Immerhin durfte Christian Wahl, der zuvor von der Bank seine Kameraden angefeuert hatte, wie erwähnt wieder übers Parkett wirbeln. Ein Tor war ihm letztlich auch vergönnt. "Ich war von Anfang an bereit für den Einsatz, habe aber nur ein Mal in dieser Woche trainiert und wusste nicht, wie die Verletzung reagiert, wenn es einen Schlag darauf gibt. Natürlich hätte ich bei meinem Comeback gerne auch Punkte mitgenommen", gestand Wahl nach der Partie, die nie wirklich spannend wurde. Über 11:17 (35. Minute), 16:20 (40.), 16:23 (42.), 20:28 (50.) und 25:31 (55.) ging es mit 27:34 in den Freitagabend. Wohl kaum einer unter den Besuchern hatte je das Gefühl, dass eine Wende möglich war. Wertlos war letztlich auch, dass der TVN nach dem Seitenwechsel sieben Treffer mehr als im ersten Durchgang markierte, weil Bietigheim in den torreichen zweiten 30 Minuten ebenfalls sechs Mal häufiger als vor der Pause einnetzte.

Bietigheims Kreisläufer Julius Emrich, früher für den TVN am Ball, zeigte Sympathie für die glücklosen Gastgeber: "Das war ein ganz komisches Gefühl hier zu spielen, wenn es für den TVN um so viel geht. Der sportliche Erfolg mit meiner aktuellen Mannschaft steht zwar im Vordergrund, aber es tut trotzdem weh, den TV Neuhausen in so einer Lage zu sehen. Ich hoffe, dass die Jungs es packen und noch dranbleiben."

SG-BBM-Trainer Hartmut Mayerhoffer war zufrieden: "Das war ein verdienter Sieg für uns. Wir hatten von Anfang an den Fokus, und die leichten Gegenstoßtore helfen uns, gut ins Spiel zu kommen. Ich bin zufrieden mit meiner Mannschaft. Aber es ist nicht so, dass wir als Tabellendritter hier zum Vorletzten fahren und den dominieren, wir müssen für jeden Sieg kämpfen. Und wenn du Neuhausen Lunte gibst, dann kann hier ein Feuer entstehen. Das haben wir aber geschafft, dies nicht entstehen zu lassen."

In der Tat. Die drei Ex-Bundesligaspielerinnen der Metzinger TusSies, Patricia Stefani, Alexandra Kubasta und Barbara Balogh (mit ihrem einjährigen Nachwuchs auf dem Arm) konnten gestern Abend nicht als Glücksbringerinnen dienen und für den TVN sieht die Lage im Abstiegskampf immer prekärer aus. Bietigheim hingegen bleibt oben bei der Musik.

So spielten sie

TV Neuhausen - SG BBM Bietigheim 27:34

TV Neuhausen: Becker, Rebmann - Stüber (1), Stahl (n.e.), Wahl (1), D. Reusch (2), Schoch (6), Klingler, Keupp (2), Michalik, J. Reusch (2), Predragovic (5/2), Bornemann (8).
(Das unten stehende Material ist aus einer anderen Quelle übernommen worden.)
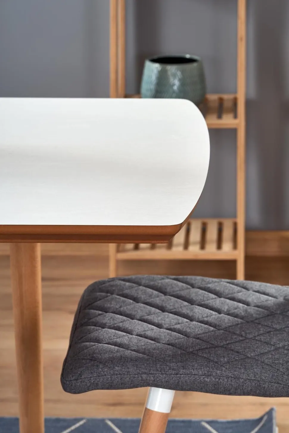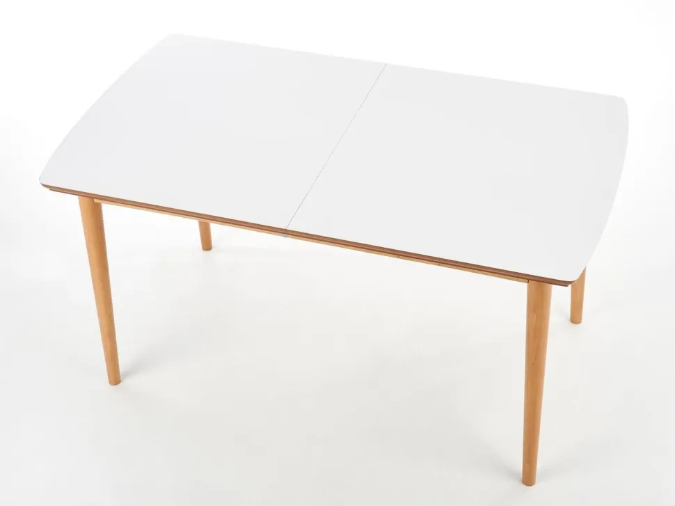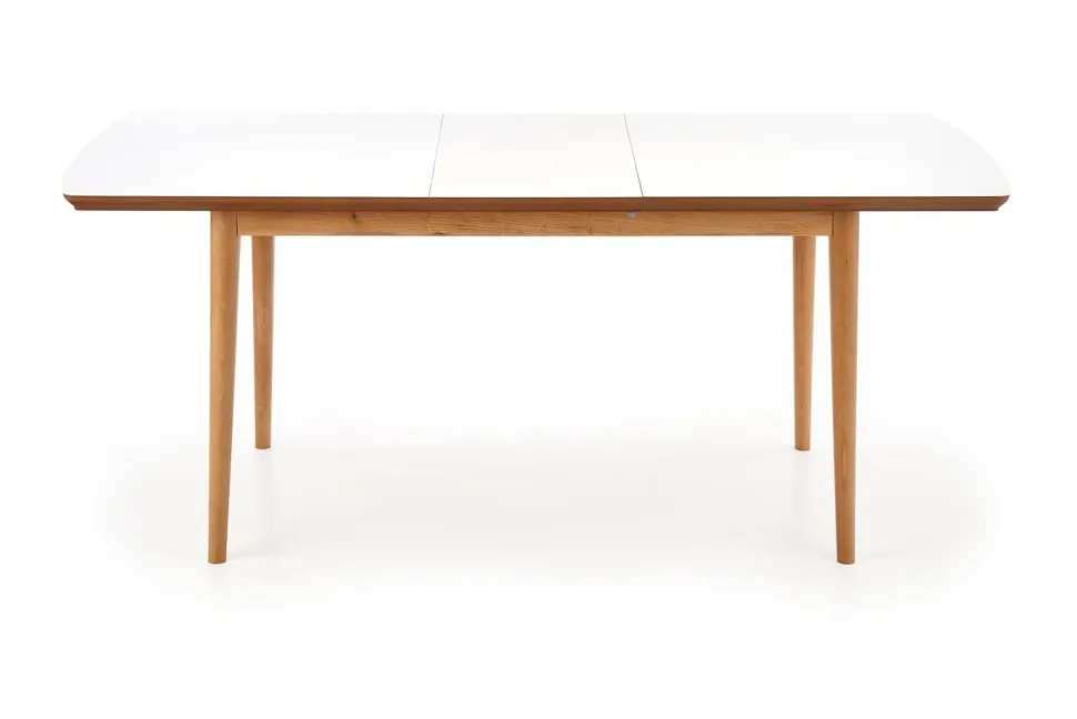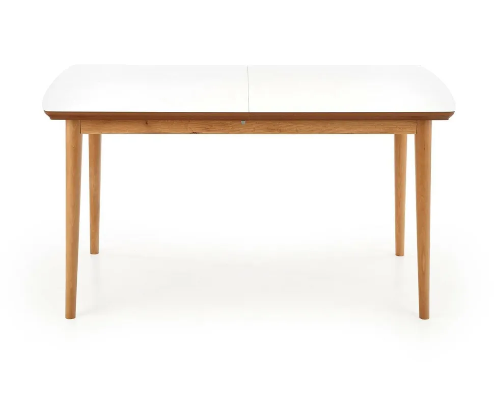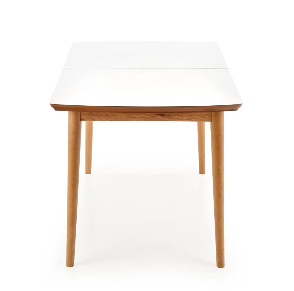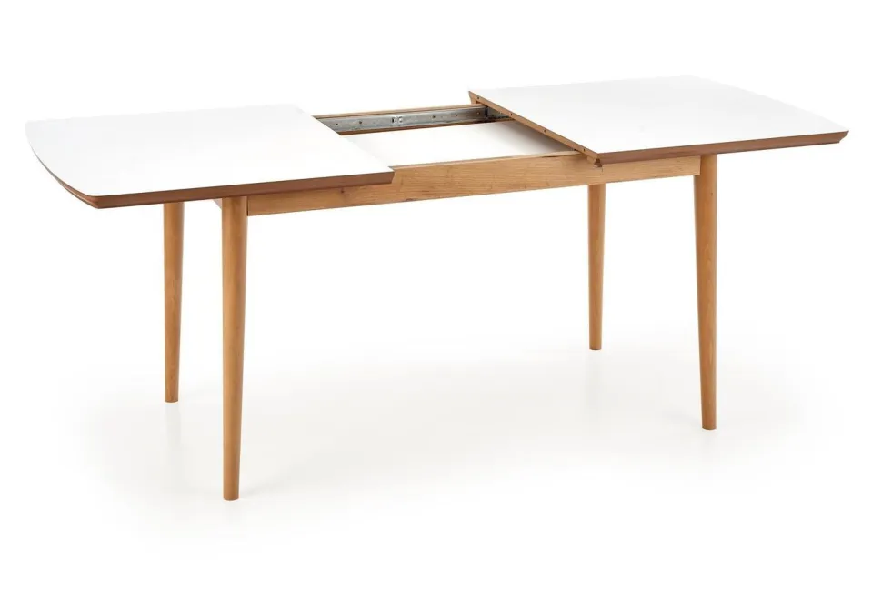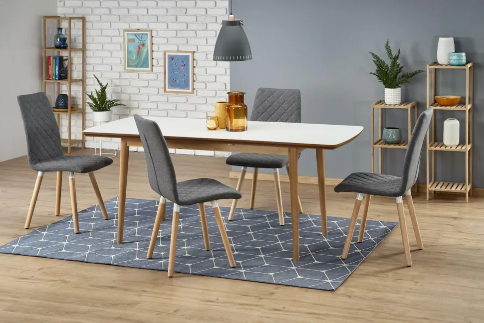 Prostokątny blat w kolorze białym mat doskonale kontrastuje z nogami w kolorze dębu lefkas, co nadaje mu skandynawskiego stylu, który z pewnością wprowadzi do Twojego wnętrza odrobinę nowoczesnego stylu.To jednak nie wszystko, co ten stół ma do zaoferowania! Dzięki możliwości rozłożenia stołu, zmieści się na nim nawet 8 osób, co sprawia, że jest idealny na rodzinne obiady oraz spotkania ze znajomymi.
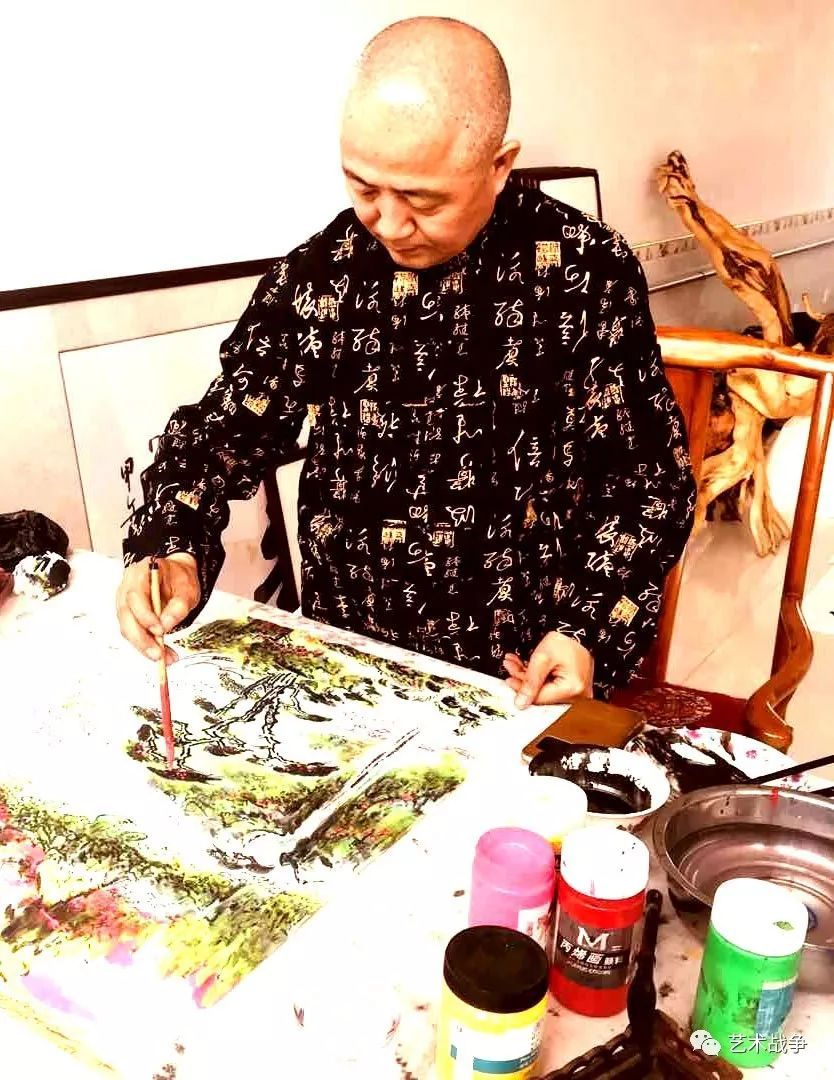以色彩为突破口革新中国画是近现代许多画家的夙愿,刘海粟、张大千力图引进西画的色彩以形成中国画的新面貌,李可染、田黎明希冀引进西画的光感以走出中国画的新路径,因为色彩本身就离不开光感。将光引入中国画创作其实始自“黑龚”,经“黑宾虹”,直至李可染的逆光画法和田黎明的“自然照射法”达到一个极致。无疑,张跃华是这条路径上的一位独特的探索者,他将舞台美术的“天光”引入彩墨创作之中,必然形成辉煌的光晕效果。张跃华在2015年以“墨彩神光”为主题在京华美术馆举办了由本人担任学术主持的大型绘画个展,更昭显出他革新中国画的雄心与胆识。在这次展览的研讨会上,陈绶祥、王宏建、陈池瑜、丁宁、郑工、翁剑青以及本人等知名理论家都对他的山水画予以了高度的评价
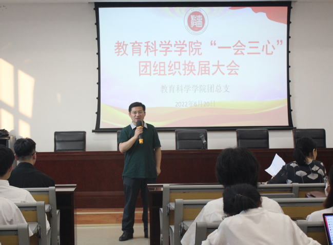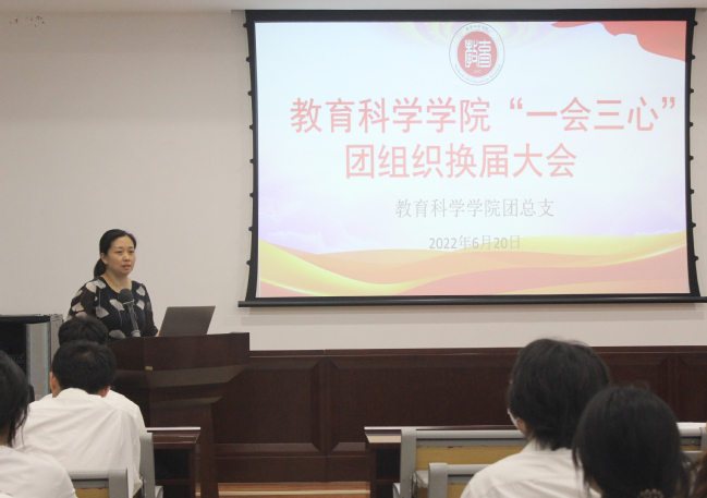 为了进一步发挥教育科学学院学生组织“自我教育、自我管理、自我服务、自我监督”的职能,充分发挥好桥梁纽带作用,更好地服务同学成长成才,教育科学学院于6月20日举行“一会三心”团组织换届大会,该院党总支书记吴月华,党总支副书记吴兴,团总支书记(学工办副主任)汪亮巧,“一会三心”指导老师李维翔、余宛琳出席会议,“一会三心”团组织全体学生到场。
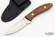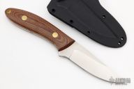 This K-56 Evo Hunter by Dozier Knives features a satin finished blade, .137" blade stock and 1.102" blade depth, full tang construction. The handle has natural canvas micarta scales with brass pins and lanyard hole. Comes with kydex sheath with belt clip. New from maker.

SG BBM Bietigheim: Edvardsson, Ebner - Haller (1), Rentschler (1), Dahlhaus (4), Schäfer (10/7), Schmidt, Babarskas (7), Barthe (2), Asmuth (1), Scholz (1), Döll (1), Emrich (3), Emanuel (3).

Siebenmeter: 2/4 (Michalik 0/1, Predragovic 2/3) - 7/7 (Schäfer 7/7).

Zeitstrafen: Schoch (2), Klingler, J. Reusch - Dahlhaus (2), Barthe (1), Emanuel (1).

Schiedsrichter: Christian Hannes/David Hannes (Reichshof/NRW).